Overall, our method offers a systematic speed-up. The speed-up does not come at any cost in terms of solution precision. This answers the first two questions.

If the budget size is chosen so large that merging is never needed then all tested methods coincide, however, this defeats the purpose of using a budget in the first place. We find that the merging frequency is nearly independent of the budget size as long as the budget is significantly smaller than the number of support vectors of the full kernel SVM model, and hence the fraction of runtime saved is independent of the budget size. The results in Fig. 3 are in line with this expectation, answering the third question.

In the next experiment we have a closer look at the impact of lookup-based merging decisions by investigating the behavior in single iterations, as follows. During a run of BSGD we execute GSS and Lookup-WD in parallel. We count the number of iterations in which the merging decisions differ, and if so, we also record the difference between the weight degradation values. The results are presented in Table 3. They show that the decisions of the two methods agree most of the time, for some problems in more than \(99\%\) of all budget maintenance events.

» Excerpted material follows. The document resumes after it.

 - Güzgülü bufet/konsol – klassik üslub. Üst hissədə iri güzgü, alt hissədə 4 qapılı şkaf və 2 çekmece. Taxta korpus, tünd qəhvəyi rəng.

Finally, we investigate the precision with which the weight degradation is estimated by the different methods. While GSS can solve the problem to arbitrary precision, the reference implementation determines \(h(m, \kappa )\) only to a rather loose precision of \(\varepsilon = 0.01\) in order to save computation time. In contrast, we ran GSS to high precision \(\varepsilon = 10^{-10}\) when precomputing the lookup table, however, we may lose some precision due to bilinear interpolation. This loss shrinks as the grid size grows, which comes at added storage cost, but without any runtime cost. We investigate the precision of GSS and Lookup-WD by comparing them to GSS-precise, which is considered a reasonable approximation of the exact minimum of \(\Vert \varDelta \Vert ^2\). For both methods we record the factor by which their squared weight degradations exceed the minimum, see Table 3. All factors are very close to one, hence none of the algorithms is wasteful in terms of weight degradation, and indeed Lookup-WD with a grid size of \(400 \times 400\) is more precise on all 6 data sets. This answers our last question.

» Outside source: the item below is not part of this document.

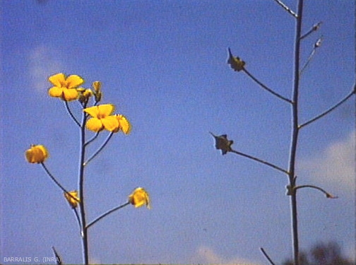 Fruits : silicules subtétragones, renflées, à 4 angles ailés et dentés (10 à 12 mm). Grappe fructifère allongée.

Table 3. Relative improvement of the total training time with respect to golden section search averaged over 5 runs (Lookup-h vs. GSS-standard and lookup-WD vs. GSS-standard), and fraction of merging events for budget size 100 and statistics on the quality of merging decisions (refer to the text for details).

5 Conclusion

We have proposed a fast lookup as a plug-in replacement for the iterative golden section search procedure required when merging support vectors in large-scale kernel SVM training. The new method compares favorably to the iterative baseline in terms of training time: it offers a systematic speed-up, resulting in computational savings of up to \(65\%\) of the merging time and up to \(44\%\) of the total training time, while the training time is never increased. With our method, nearly the full computation time is spent on actual SGD steps, while the fraction of efforts spent on budget maintenance can be reduced significantly. We have demonstrated that our approach results in virtually indistinguishable and even slightly more precise merging decisions. It is for this reason that the speed-up comes at absolutely no cost in terms of predictive accuracy.